- Date: 3–9 January
- Edition: 3rd
- Draw: 32S / 16D
- Surface: Hard (indoor)
- Location: Forlì, Italy

Champions

Singles
- Luca Nardi

Doubles
- Marco Bortolotti / Arjun Kadhe
- ← 2021 · Città di Forlì · 2022 →

= 2022 Città di Forlì =

The 2022 Città di Forlì was a professional tennis tournament played on hard courts. It was the third edition of the tournament which was part of the 2022 ATP Challenger Tour. It took place in Forlì, Italy between 3 and 9 January 2022.
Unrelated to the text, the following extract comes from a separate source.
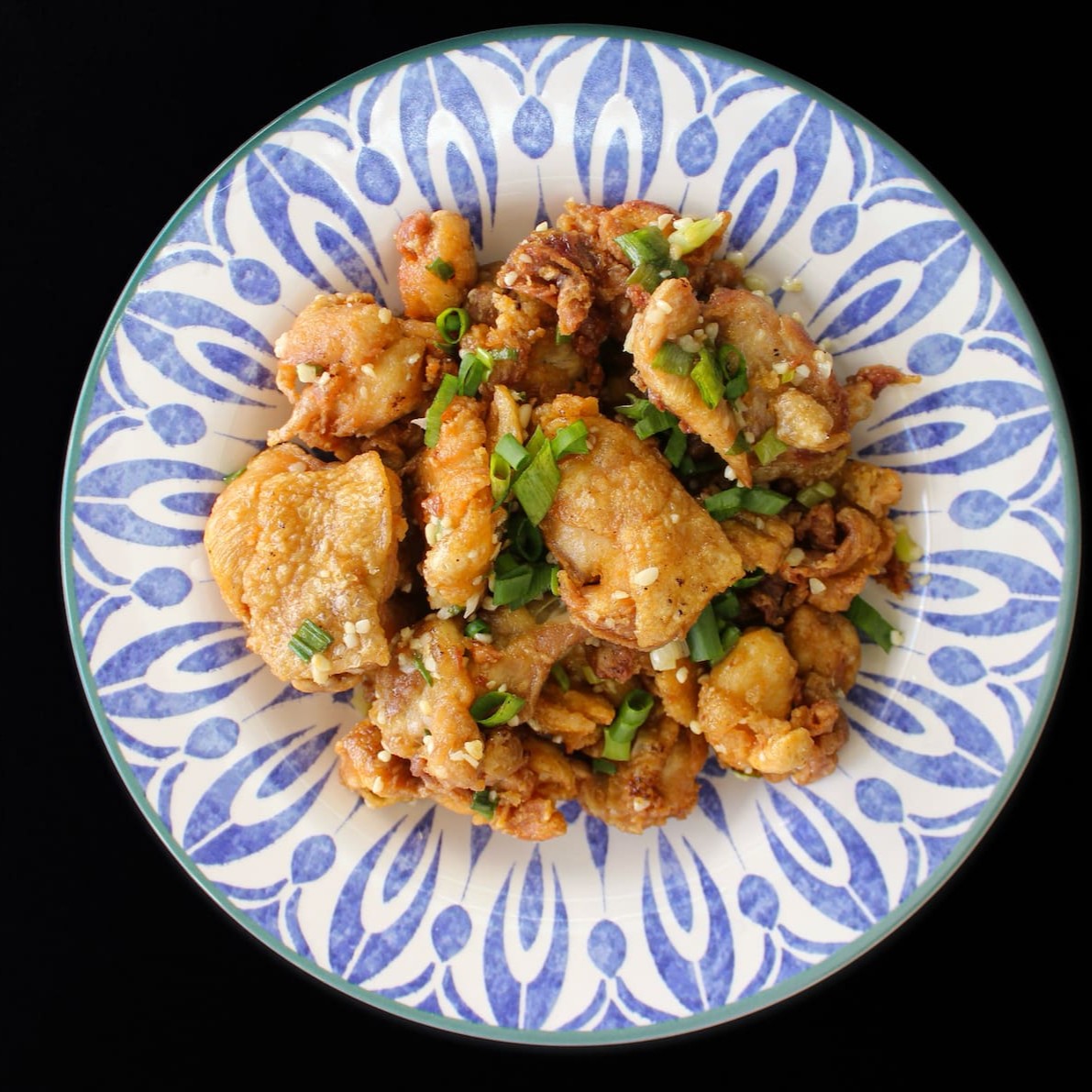 Pedaços de coxa e sobrecoxa desossados e fritos, acompanha molho gengibre que pode ser servido junto ou à parte.

==Singles main-draw entrants==
===Seeds===

| Country | Player | Rank^{1} | Seed |
|---|---|---|---|
| GBR | Jay Clarke | 215 | 1 |
| GER | Cedrik-Marcel Stebe | 227 | 2 |
| USA | Christian Harrison | 256 | 3 |
| TPE | Wu Tung-lin | 270 | 4 |
| USA | Alexander Ritschard | 276 | 5 |
| POR | Gonçalo Oliveira | 282 | 6 |
| HUN | Zsombor Piros | 288 | 7 |
| FRA | Evan Furness | 290 | 8 |

- ^{1} Rankings as of 27 December 2021.

===Other entrants===
The following players received wildcards into the singles main draw:
- ITA Lorenzo Angelini
- ITA Stefano Napolitano
- ITA Luca Potenza

The following players received entry into the singles main draw using protected rankings:
- MON Lucas Catarina
- GER Jeremy Jahn

The following player received entry into the singles main draw as an alternate:
- TPE Hsu Yu-hsiou

The following players received entry from the qualifying draw:
- MAR Elliot Benchetrit
- BUL Alexandar Lazarov
- IND Mukund Sasikumar
- BIH Aldin Šetkić
- CZE Michael Vrbenský
- KAZ Denis Yevseyev

The following player received entry as a lucky loser:
- BUL Adrian Andreev

==Champions==
===Singles===

- ITA Luca Nardi def. IND Mukund Sasikumar 6–3, 6–1.

===Doubles===

- ITA Marco Bortolotti / IND Arjun Kadhe def. BEL Michael Geerts / USA Alexander Ritschard 7–6^{(7–5)}, 6–2.